Top of Provided records

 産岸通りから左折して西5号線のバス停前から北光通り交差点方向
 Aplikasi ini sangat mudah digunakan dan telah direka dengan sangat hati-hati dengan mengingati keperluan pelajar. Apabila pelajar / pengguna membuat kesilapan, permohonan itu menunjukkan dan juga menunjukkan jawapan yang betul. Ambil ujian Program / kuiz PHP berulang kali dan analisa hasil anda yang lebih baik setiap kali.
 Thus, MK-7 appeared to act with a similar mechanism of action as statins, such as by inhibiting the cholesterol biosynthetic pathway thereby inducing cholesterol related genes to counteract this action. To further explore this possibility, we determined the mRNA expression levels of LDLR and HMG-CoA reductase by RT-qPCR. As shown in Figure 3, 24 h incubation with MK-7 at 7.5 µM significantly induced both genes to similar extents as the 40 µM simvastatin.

Bottom of Provided records
Top of Provided records

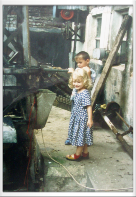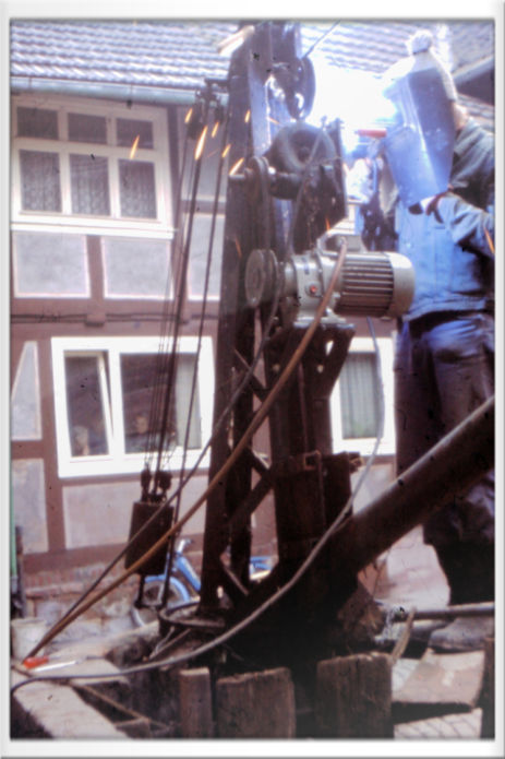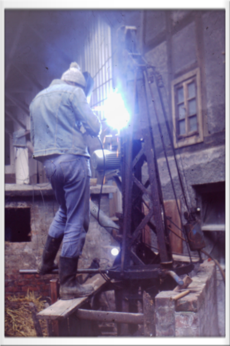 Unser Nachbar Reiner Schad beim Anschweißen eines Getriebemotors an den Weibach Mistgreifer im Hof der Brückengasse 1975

Bottom of Provided records

> _Brief_: Begin at the line above that has "産岸通りから左折して西5号線のバス停前から北光通り交差点方向" and stop after the line that has "Aplikasi ini sangat", copying each line exactly and adding nothing else.

> _Response area_:
 産岸通りから左折して西5号線のバス停前から北光通り交差点方向
 Aplikasi ini sangat mudah digunakan dan telah direka dengan sangat hati-hati dengan mengingati keperluan pelajar. Apabila pelajar / pengguna membuat kesilapan, permohonan itu menunjukkan dan juga menunjukkan jawapan yang betul. Ambil ujian Program / kuiz PHP berulang kali dan analisa hasil anda yang lebih baik setiap kali.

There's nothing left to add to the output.